Germany’s economy is set to stagnate in 2025 as Trump’s tariffs and global trade tensions take a toll. Germany’s top economic advisers say the country’s economy will flatline in 2025, blaming global uncertainty, rising tariffs from the U.S., and weakening exports. Learn how Chancellor Merz plans to reverse the slowdown.
No Growth Expected in 2025 Amid Global Trade Tensions
Germany, the largest economy in Europe, is facing another tough year. A new forecast from the country’s independent panel of economic advisers predicts that the German economy will stagnate in 2025, with no growth expected throughout the year.
This gloomy outlook comes after two consecutive years of economic contraction, making it the country’s worst stretch since the global financial crisis.
According to Monika Schnitzer, head of the economic advisory panel, one of the major reasons for Germany’s slowdown is U.S. President Donald Trump’s aggressive tariff policies, which are creating global uncertainty and damaging trade flows.
Trump’s Tariffs Fuel Global Economic Risks
Schnitzer directly blamed the Trump administration’s tariffs, saying:
“Trump’s tariff policy is increasing uncertainty and endangering economic growth worldwide.”
The new tariffs and trade threats coming from the U.S. have put pressure on German exports, especially in the automotive and machinery sectors, which are core strengths of the German economy.
Germany’s export-driven economy has been heavily impacted by rising trade barriers, and many industries are struggling to stay competitive, especially against growing Chinese manufacturing rivals.
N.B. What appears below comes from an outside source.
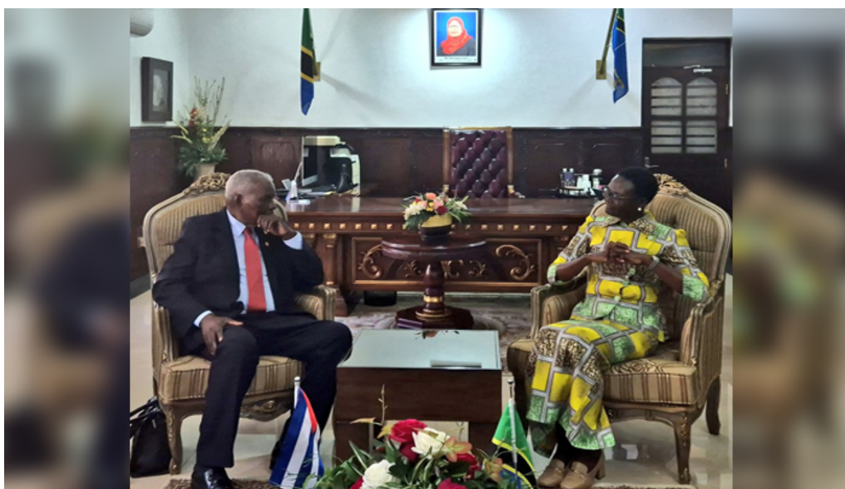
Esteban Lazo y Tulia Ackson

La Habana, 6 mar (RHC) El miembro del Buró Político y presidente de la Asamblea Nacional del Poder Popular y del Consejo de Estado, Esteban Lazo Hernández, fue recibido por la Titular de la Asamblea Nacional de Tanzania y presidenta de la Unión Interparlamentaria IPUparliament, Tulia Ackson, en Dar es-Salam.
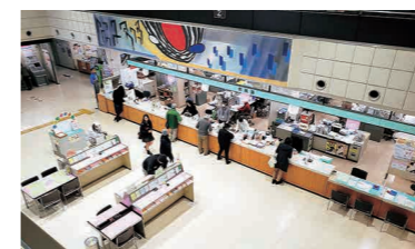
ていねいで親切な対応が求められる窓口職場

【答】 津山市が昭和43年に八子保管庫を設置し、現在に至っており、10台のだんじりが保管してある。保管庫設置から50年経過し、保管庫の役割を果たしているとは思えない。今後の行方は、

Germany’s Export Power Hit Hard by U.S. and China Shifts
Germany has long been a global leader in high-end engineered goods—like luxury cars, industrial machines, and precision equipment. But in recent years, the country has lost ground due to:
Intense competition from Chinese manufacturers
A decline in trade with China
Trump-era tariffs disrupting transatlantic trade
In a surprising shift, the United States overtook China as Germany’s largest single trading partner in 2024. While exports to China have fallen, Germany’s reliance on U.S. trade has increased, making Trump’s tariffs even more painful.
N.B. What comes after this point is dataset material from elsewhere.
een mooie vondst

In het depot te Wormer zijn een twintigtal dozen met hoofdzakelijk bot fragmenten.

Panel Predicts 1% Growth for 2026 If Conditions Improve
The current economic forecast offers no growth for 2025, but experts are slightly more hopeful about 2026. The panel expects a 1% GDP increase next year, assuming global trade stabilizes and domestic reforms kick in.
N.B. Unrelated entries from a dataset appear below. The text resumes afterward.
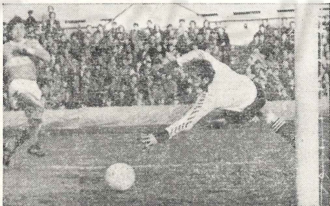
1976 г. ЦСКА — «Спартак». Второй гол в ворота армейцев.

— У нас в команде хорошее боевое настроение. Турнир в Барселоне заставил нас поверить в свои силы, и мы рассчитываем выступить в осеннем чемпионате значительно лучше, чем в предыдущем. Сразу оговорюсь — по первому матчу нового чемпионата с «Зенитом» не следует делать выводов о нашей игре. Мы прибыли в Москву из Испании накануне матча с ленинградцами, устали как от самого турнира, так и от переездов и перелетов и не успели восстановить силы.
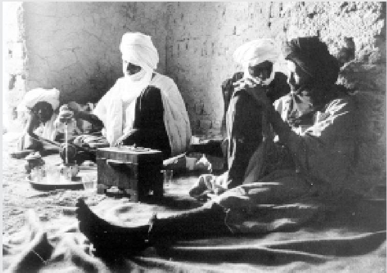
foto: theeceremonie bij de Tuareg
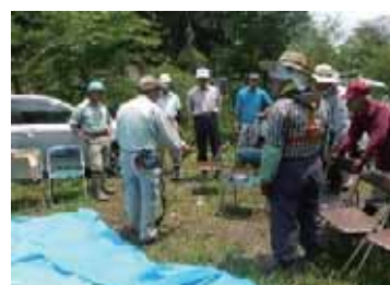
刈払機の安全講習会
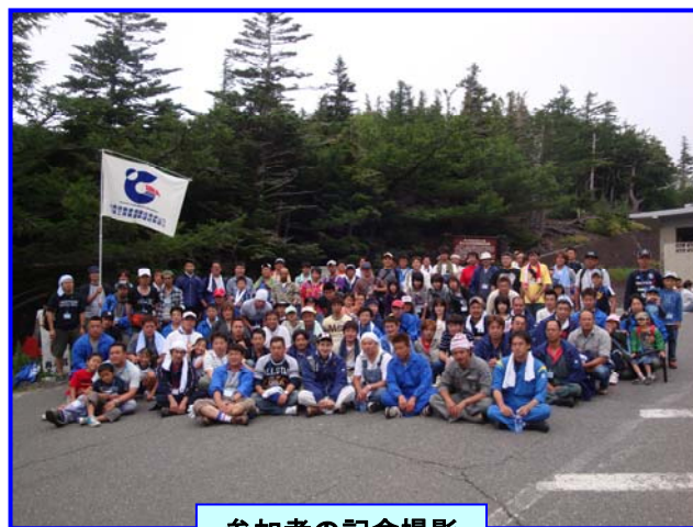
参加者の記念撮影
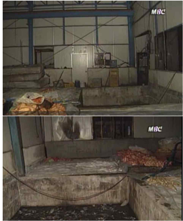
Figure 3. The danmuji(pickled radish) storage pit where 4 workers and a firefighter died by hydrogen sulfide asphyxiation(Nov. 15, 1996 in Sungju, Korea).

순직소방관추모관 순직경위에는 “1997년 11월 15일 오후 4시 27분경 경상북도 성주군 선남면 소재 승보종합식품 단무지 저장탱크 내 쓰러진 작업 인부 4명에 대한 인명구조 활동 중 순직함.”이라고 씌었다 (NFSA, 2019). 김○오 소방사를 포함 5명이 사망한 재해였는데, 당시 보도 중 내용이 상세한 연합뉴스에 따르면 승보종합식품 근로자 6명(사망 4, 부상2), 소방공무원 3명(사망 1, 부상2)이 각각 사상 당했다. 근로자들은 가로와 세로 각 4 m 깊이 3 m 정도의 단무지 저장조에서 양수기로 물을 밖으로 빼내면서 단무지를 소형 리프트

This projection matches the forecast made a month earlier by the previous German government.
Chancellor Friedrich Merz Aims to Turn the Tide
Friedrich Merz, Germany’s new chancellor who took office on May 6, is under immediate pressure to boost the economy. He has promised a pro-business agenda that includes:
Rolling back bureaucracy
Pushing for more digital transformation
Providing tax cuts for companies
Supporting new European trade agreements
Merz’s coalition has also announced a massive investment package aimed at modernizing Germany’s infrastructure, a move the panel says could help turn things around by creating jobs, attracting investment, and boosting productivity.
Schnitzer noted:
“This investment package offers opportunities for a modernization of infrastructure in Germany and a return to a higher path of growth.”
Germany’s Challenges: More Than Just Tariffs
While U.S. tariffs are a major concern, Germany’s struggles run deeper. Other long-term problems include:
A shrinking workforce due to demographic change
Slow adoption of digital technologies
Energy costs and supply chain vulnerabilities
Over-regulation holding back startups and innovation
Economists believe that unless these structural issues are addressed, Germany may continue to see weak growth for years to come.
What’s Next for Europe’s Economic Powerhouse?
With Germany’s economic engine stalling, the impact is likely to ripple across the European Union. As Europe’s largest economy, Germany plays a key role in the region’s stability and prosperity.
If Chancellor Merz’s reforms succeed, Germany could regain momentum in 2026. But much will depend on global trade conditions, the outcome of U.S. tariff policies, and whether business confidence returns.